__YOUR INSTRUCTIONS__:
Extract each line of the material that follows exactly and omit its pictures.

(Beginning of DATASET EXCERPT)

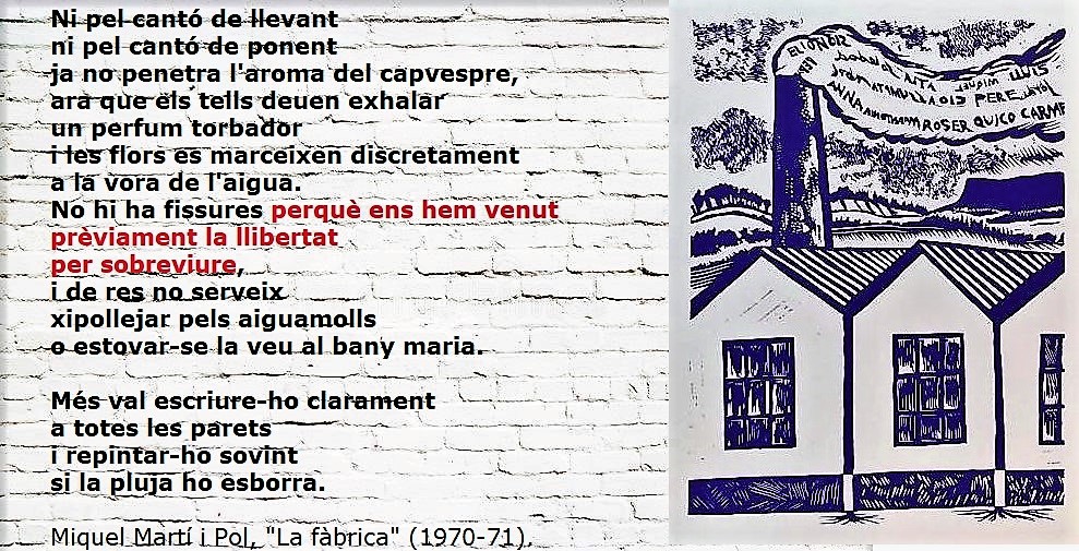 Què ha estat per a mi la feina? L’alarma que sona insistent al rellotge –perquè t’alces del llit ben dematí–, la necessitat de portar cotxe, la fressa i la fredor de les màquines, l’imperi del rendiment econòmic i productiu per sobre de l’obra ben feta –el “curt-terminisme” del guany malaltís–, el client que ha de restar sempre satisfet –malgrat que li hàgem de mentir–, l’obsessió per la novetat constant –davant la competència ferotge d’aquesta llei de la selva capitalista— que massa vegades porta a compondre productes més dolents –potser més aparents, més “adobats”, però menys autèntics, menys duradors, de menor qualitat–, la submissió al poder inclement d’altri –els propietaris de la indústria i els seus gestors, una bona mostra de psicòpates/ nacissistes–, la manca d’humanitat, de sentiments autèntics –que tenen massa poc espai a les empreses–, la competència deslleial entre companys per salvar el lloc de feina, la ciència i la tècnica al servei dels interessos dels propietaris, que cada vegada ens espremen més, perquè disposen de mètodes més sofisticats, i ens deixen menys temps per a nosaltres… Però també la complaença per haver arribat a la fi d’alguns projectes proposats i sobretot la sort d’haver compartit un bon grapat de bones estones amb les companyes de feina, de qui tinc un record inesborrable de treball en equip, de bona entesa, d’estimació sincera.
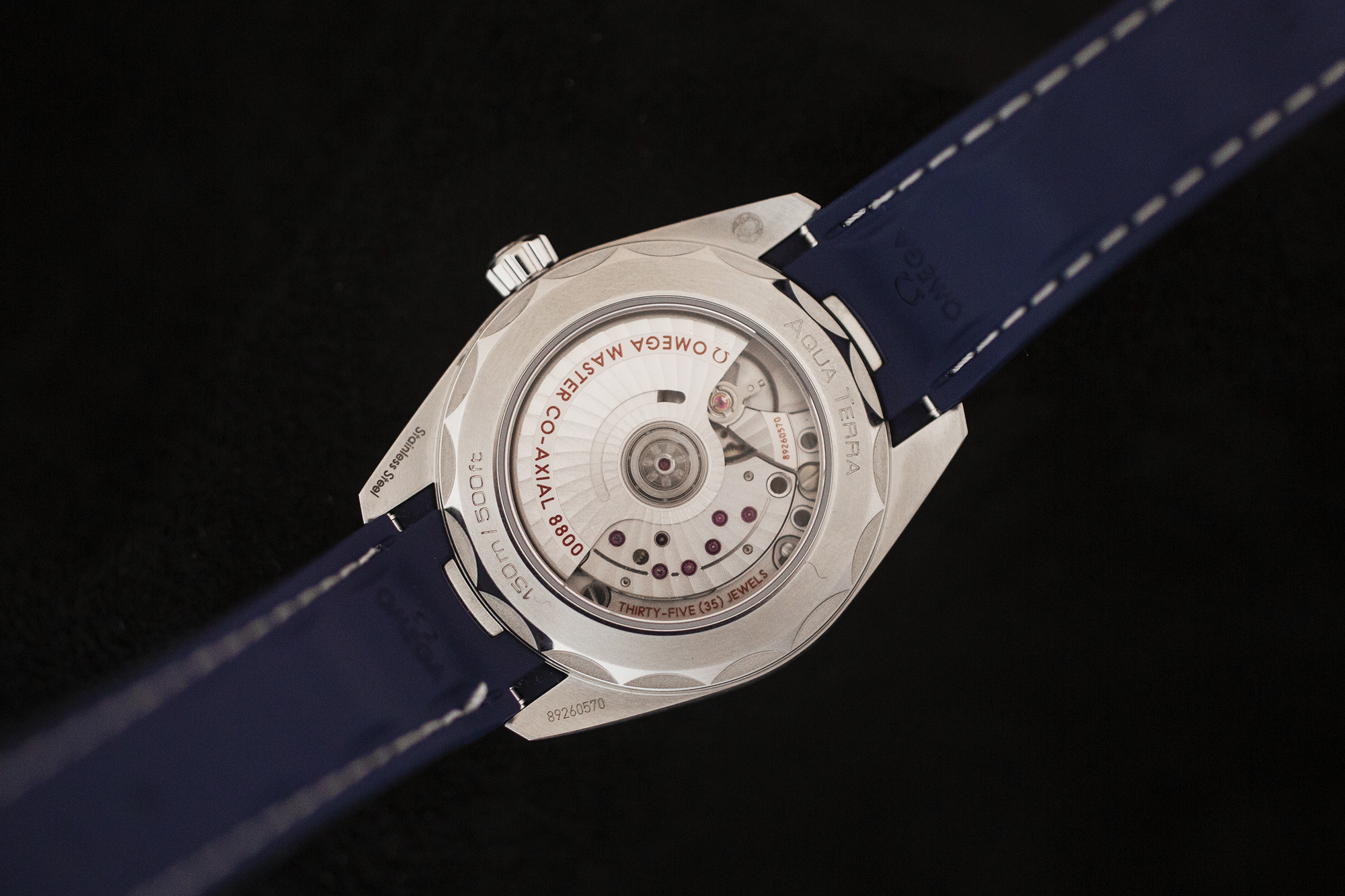 ムーブメントの観点からも、アクアテラ 150Mは価格以上の価値を提供してくれる。このエントリーモデルでも、オメガのCal.8800 マスターコーアクシャルを搭載しており、非常に高い精度を保証するために、フリースプリングテンプ、Si14シリコン製ヘアスプリング、METAS認定を備えている。3.5Hz振動の非常に現代的な自動巻きムーブメントは35石、55時間のパワーリザーブを確保する。
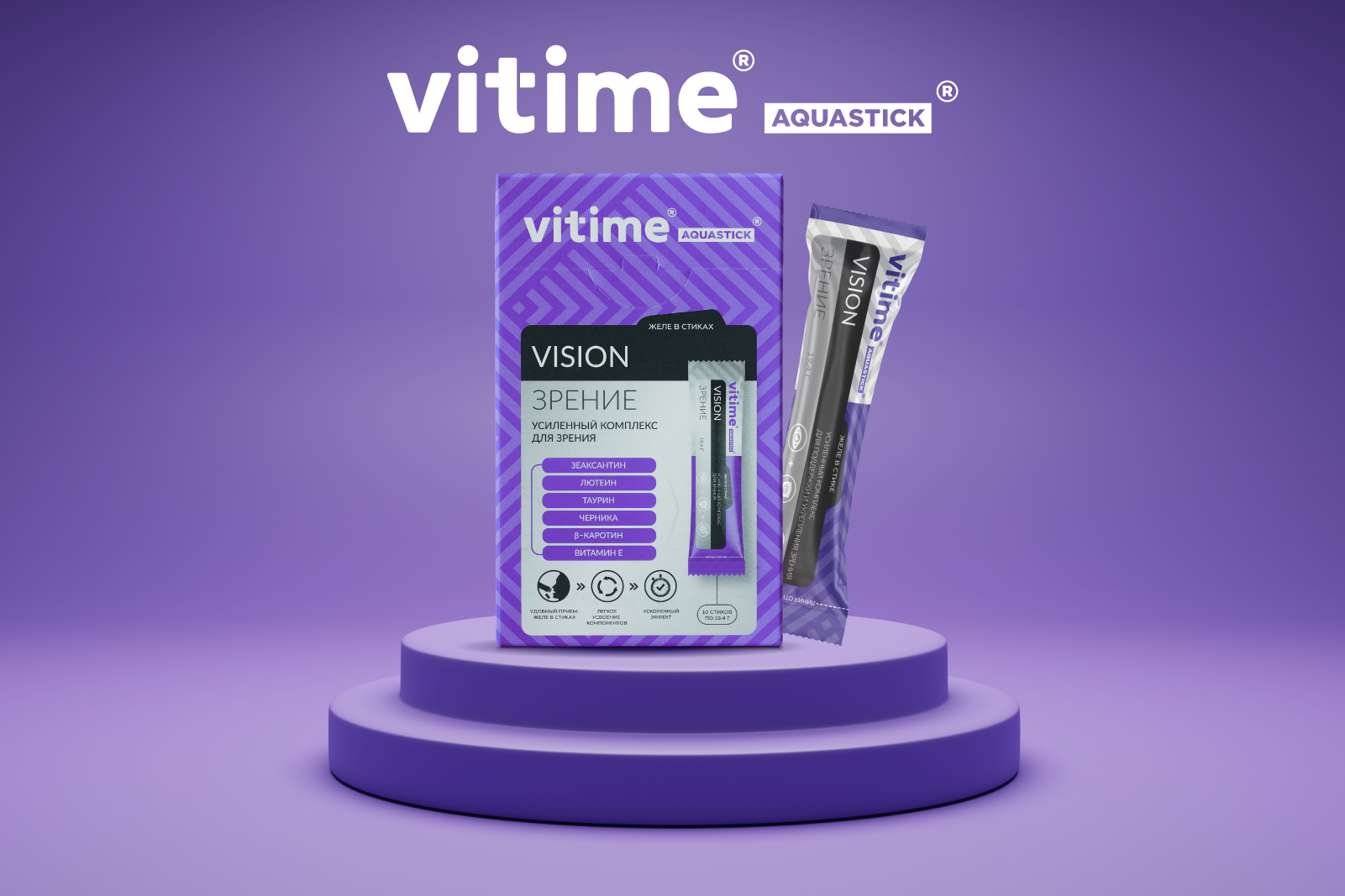 Сделать профилактику проблем со зрением более эффективной поможет прием VITime® Aquastick® Vision. Это витаминный комплекс с черникой, усиленный высокими дозами лютеина и зеаксантина для поддержки и укрепления зрения. VITime® Aquastick® Vision – это не привычные мультивитамины для глаз в форме таблеток или капсул, а желейные батончики в стиках. Их удобно брать с собой, жидкая форма обеспечивает быстрое начало действия, а вкус черной смородины делает заботу о здоровье глаз не только полезной, но и приятной.

(End of DATASET EXCERPT)

__PROBLEM SOLUTION__:
 Què ha estat per a mi la feina? L’alarma que sona insistent al rellotge –perquè t’alces del llit ben dematí–, la necessitat de portar cotxe, la fressa i la fredor de les màquines, l’imperi del rendiment econòmic i productiu per sobre de l’obra ben feta –el “curt-terminisme” del guany malaltís–, el client que ha de restar sempre satisfet –malgrat que li hàgem de mentir–, l’obsessió per la novetat constant –davant la competència ferotge d’aquesta llei de la selva capitalista— que massa vegades porta a compondre productes més dolents –potser més aparents, més “adobats”, però menys autèntics, menys duradors, de menor qualitat–, la submissió al poder inclement d’altri –els propietaris de la indústria i els seus gestors, una bona mostra de psicòpates/ nacissistes–, la manca d’humanitat, de sentiments autèntics –que tenen massa poc espai a les empreses–, la competència deslleial entre companys per salvar el lloc de feina, la ciència i la tècnica al servei dels interessos dels propietaris, que cada vegada ens espremen més, perquè disposen de mètodes més sofisticats, i ens deixen menys temps per a nosaltres… Però també la complaença per haver arribat a la fi d’alguns projectes proposats i sobretot la sort d’haver compartit un bon grapat de bones estones amb les companyes de feina, de qui tinc un record inesborrable de treball en equip, de bona entesa, d’estimació sincera.
 ムーブメントの観点からも、アクアテラ 150Mは価格以上の価値を提供してくれる。このエントリーモデルでも、オメガのCal.8800 マスターコーアクシャルを搭載しており、非常に高い精度を保証するために、フリースプリングテンプ、Si14シリコン製ヘアスプリング、METAS認定を備えている。3.5Hz振動の非常に現代的な自動巻きムーブメントは35石、55時間のパワーリザーブを確保する。
 Сделать профилактику проблем со зрением более эффективной поможет прием VITime® Aquastick® Vision. Это витаминный комплекс с черникой, усиленный высокими дозами лютеина и зеаксантина для поддержки и укрепления зрения. VITime® Aquastick® Vision – это не привычные мультивитамины для глаз в форме таблеток или капсул, а желейные батончики в стиках. Их удобно брать с собой, жидкая форма обеспечивает быстрое начало действия, а вкус черной смородины делает заботу о здоровье глаз не только полезной, но и приятной.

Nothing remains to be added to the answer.